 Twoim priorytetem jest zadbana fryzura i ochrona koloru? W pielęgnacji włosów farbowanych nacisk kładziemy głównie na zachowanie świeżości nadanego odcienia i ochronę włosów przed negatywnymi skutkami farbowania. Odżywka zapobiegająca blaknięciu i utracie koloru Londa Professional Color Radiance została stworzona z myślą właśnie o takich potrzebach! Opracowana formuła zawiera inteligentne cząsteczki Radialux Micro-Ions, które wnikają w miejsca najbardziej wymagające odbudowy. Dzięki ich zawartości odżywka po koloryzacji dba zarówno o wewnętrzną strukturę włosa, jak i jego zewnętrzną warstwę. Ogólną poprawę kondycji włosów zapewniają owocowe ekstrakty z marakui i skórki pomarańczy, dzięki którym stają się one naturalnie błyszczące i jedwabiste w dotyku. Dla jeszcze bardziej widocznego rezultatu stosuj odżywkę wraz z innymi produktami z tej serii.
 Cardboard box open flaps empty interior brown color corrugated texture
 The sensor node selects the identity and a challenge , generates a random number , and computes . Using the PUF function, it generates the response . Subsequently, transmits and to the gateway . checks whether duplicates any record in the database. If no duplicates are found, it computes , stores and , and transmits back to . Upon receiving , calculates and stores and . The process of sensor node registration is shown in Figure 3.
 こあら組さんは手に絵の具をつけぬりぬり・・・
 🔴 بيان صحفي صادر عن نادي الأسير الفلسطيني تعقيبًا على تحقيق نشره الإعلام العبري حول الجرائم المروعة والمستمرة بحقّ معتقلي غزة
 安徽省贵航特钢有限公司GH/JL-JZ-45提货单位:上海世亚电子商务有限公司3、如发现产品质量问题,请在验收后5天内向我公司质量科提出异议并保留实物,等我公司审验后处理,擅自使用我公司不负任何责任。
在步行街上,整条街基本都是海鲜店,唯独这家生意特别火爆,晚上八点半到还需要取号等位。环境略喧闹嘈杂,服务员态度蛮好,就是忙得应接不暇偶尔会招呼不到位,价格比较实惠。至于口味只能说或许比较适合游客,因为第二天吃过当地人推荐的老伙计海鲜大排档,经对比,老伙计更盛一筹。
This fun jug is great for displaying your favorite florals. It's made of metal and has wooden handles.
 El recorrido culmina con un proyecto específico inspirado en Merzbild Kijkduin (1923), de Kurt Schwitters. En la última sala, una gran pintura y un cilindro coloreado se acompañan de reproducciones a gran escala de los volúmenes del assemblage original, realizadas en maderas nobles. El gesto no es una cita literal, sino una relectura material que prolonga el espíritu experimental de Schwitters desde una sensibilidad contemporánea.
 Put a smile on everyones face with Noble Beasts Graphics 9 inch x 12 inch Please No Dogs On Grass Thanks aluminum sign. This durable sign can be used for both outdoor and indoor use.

■ ■ ■ ■

▶ **The task**: From the material above, copy out every line bearing the string "This".

▶ **Solution below**:
This fun jug is great for displaying your favorite florals. It's made of metal and has wooden handles.
 Put a smile on everyones face with Noble Beasts Graphics 9 inch x 12 inch Please No Dogs On Grass Thanks aluminum sign. This durable sign can be used for both outdoor and indoor use.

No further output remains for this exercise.